Files
dotfiles_arch/ansible/TROUBLESHOOTING.md
2026-02-16 23:40:30 +01:00

510 lines
9.2 KiB
Markdown

# Troubleshooting Guide
Common issues and solutions for Nextcloud Stack deployment.
## Table of Contents
- [DNS Issues](#dns-issues)
- [SSL Certificate Problems](#ssl-certificate-problems)
- [Docker Issues](#docker-issues)
- [LXC Container Issues](#lxc-container-issues)
- [Nextcloud Issues](#nextcloud-issues)
- [Database Connection Issues](#database-connection-issues)
- [Tailscale Issues](#tailscale-issues)
- [Port Conflicts](#port-conflicts)
- [Permission Issues](#permission-issues)
---
## DNS Issues
### Problem: DNS records not resolving
**Symptoms:**
- Let's Encrypt fails to issue certificates
- Caddy shows certificate errors
- Services inaccessible via domain
**Diagnosis:**
```bash
dig +short cloud.yourdomain.com @8.8.8.8
```
**Solution:**
1. Ensure all required A records point to your server IP
2. Wait for DNS propagation (up to 48 hours, usually minutes)
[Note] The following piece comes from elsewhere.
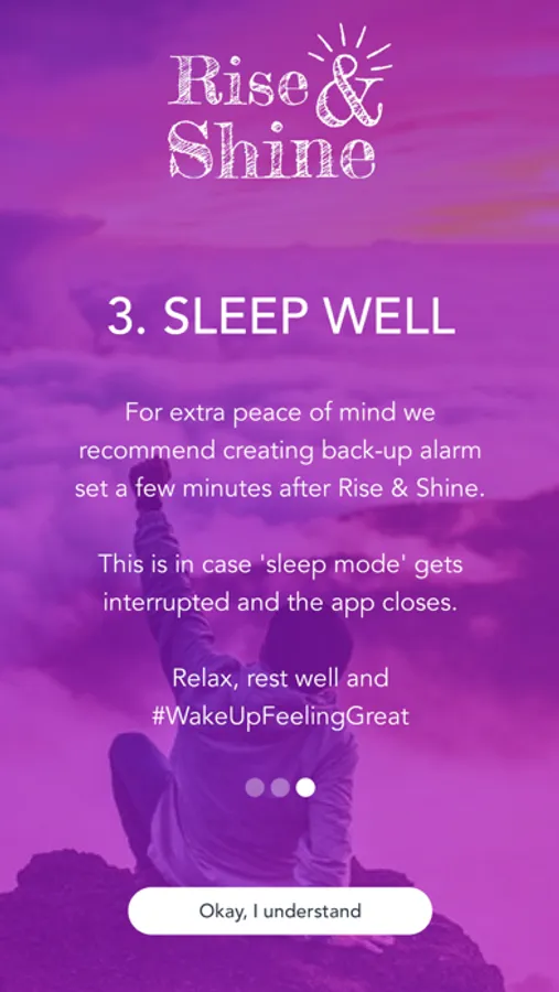 We strongly recommend setting a back up alarm, set for 10 mins after your Rise & Shine wake up time, using your phone’s native alarm app.
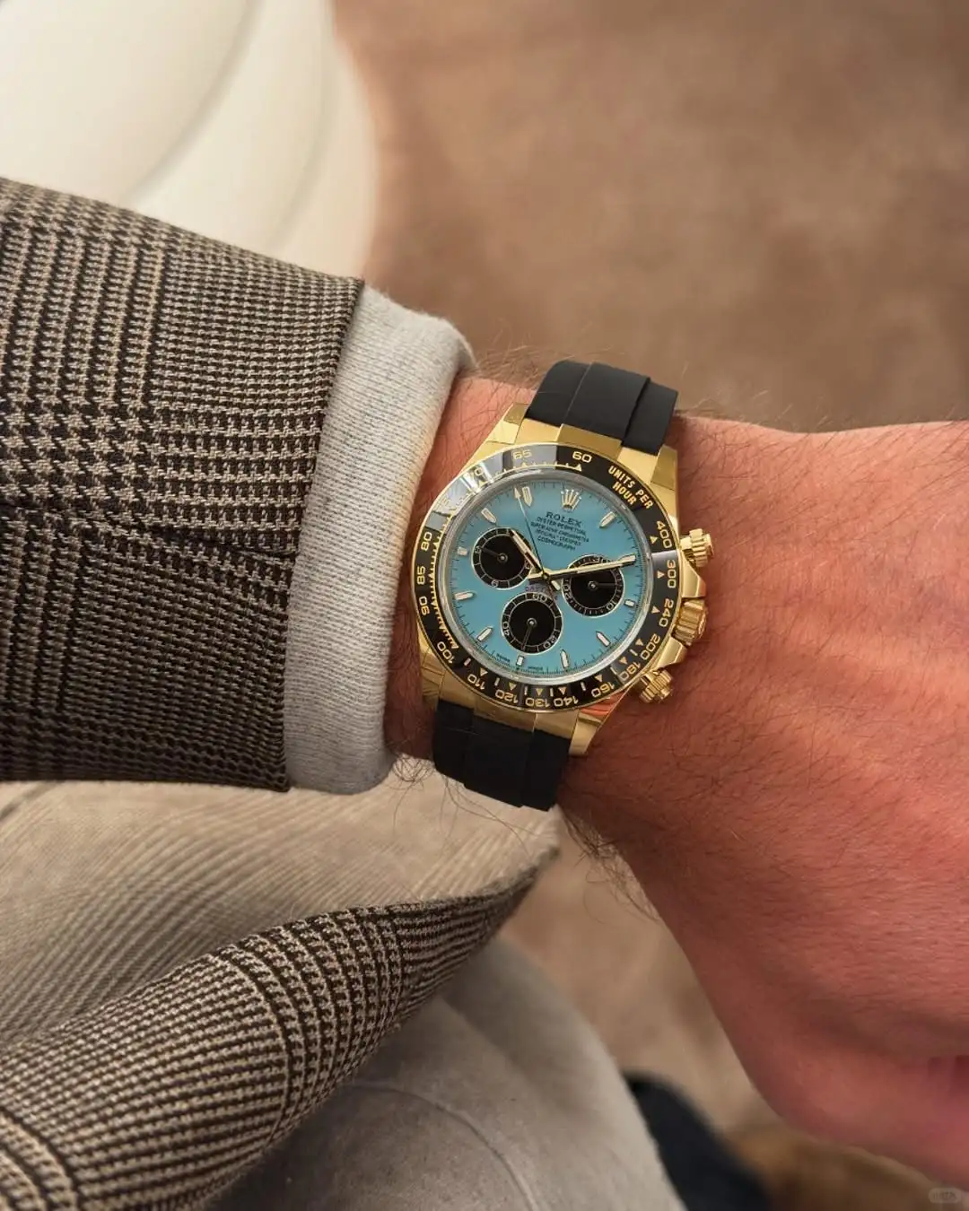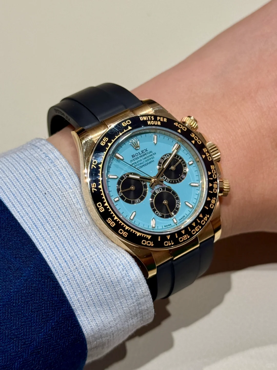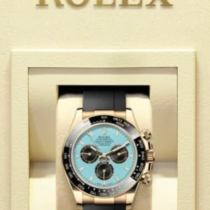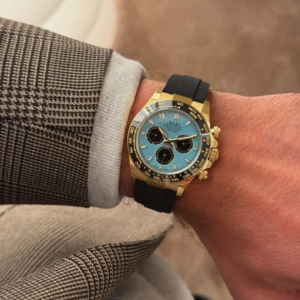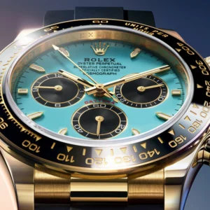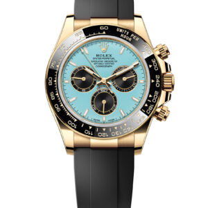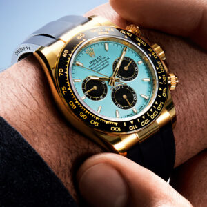 This year, Rolex is releasing a Daytona with a bright turquoise dial. Notably, this isn’t the “ice blue” dial that the Crown often pairs with platinum pieces and is relatively common in the brand’s catalog. Instead, this is a vivid blue reminiscent of the one associated with a certain famous jeweler. The color isn’t entirely new to the Rolex catalog, however. In 2020, the Crown put out an Oyster Perpetual with the Tiffany-esque hue that quickly became a collector favorite. This year, Tudor, Rolex’s sister brand, put out a version of its Black Bay Chrono in a very similar tone that it called “Flamingo Blue”. For what it’s worth, Rolex is describing this dial as “a resplendent turquoise blue lacquer dial.”

3. Use [DNSChecker.org](https://dnschecker.org) to verify global propagation
**Required DNS Records:**
```
cloud.yourdomain.com → YOUR_SERVER_IP
office.yourdomain.com → YOUR_SERVER_IP
draw.yourdomain.com → YOUR_SERVER_IP
notes.yourdomain.com → YOUR_SERVER_IP
home.yourdomain.com → YOUR_SERVER_IP
manage.yourdomain.com → YOUR_SERVER_IP
uptime.yourdomain.com → YOUR_SERVER_IP
```
**Temporary Workaround:**
Edit `/etc/hosts` on your local machine:
```
YOUR_SERVER_IP cloud.yourdomain.com
```
---
## SSL Certificate Problems
### Problem: Let's Encrypt rate limit exceeded
**Symptoms:**
- Error: "too many certificates already issued"
**Solution:**
1. Use Let's Encrypt staging server for testing
2. Edit Caddyfile (add to global options):
```caddy
{
email {{ user_email }}
acme_ca https://acme-staging-v02.api.letsencrypt.org/directory
}
```
3. Reload Caddy: `docker exec caddy caddy reload`
4. After testing, remove staging server line
**Rate Limits:**
- 50 certificates per domain per week
- 5 duplicate certificates per week
### Problem: Certificate validation failed
**Symptoms:**
- "Failed to verify" errors in Caddy logs
**Diagnosis:**
```bash
docker logs caddy
```
**Common Causes:**
1. DNS not pointing to server
2. Firewall blocking port 80/443
3. Another service using port 80/443
**Solution:**
```bash
# Check firewall
sudo ufw status
# Check port usage
sudo ss -tlnp | grep ':80\|:443'
# Check DNS
dig +short yourdomain.com
```
---
## Docker Issues
### Problem: Docker daemon won't start
**Symptoms:**
- `docker ps` fails
- Error: "Cannot connect to Docker daemon"
**Diagnosis:**
```bash
sudo systemctl status docker
sudo journalctl -xu docker
```
**Solution:**
```bash
sudo systemctl restart docker
```
### Problem: Containers keep restarting
**Diagnosis:**
```bash
cd /opt/nextcloud-stack
docker compose logs [service-name]
```
**Common Causes:**
1. Configuration errors
2. Port conflicts
3. Missing dependencies
**Solution:**
```bash
# Check specific container
docker logs next-db
docker logs next
docker logs caddy
# Restart specific service
docker compose restart next
```
---
## LXC Container Issues
### Problem: Docker fails to start in LXC
**Symptoms:**
- Error: "cgroups: cgroup mountpoint does not exist"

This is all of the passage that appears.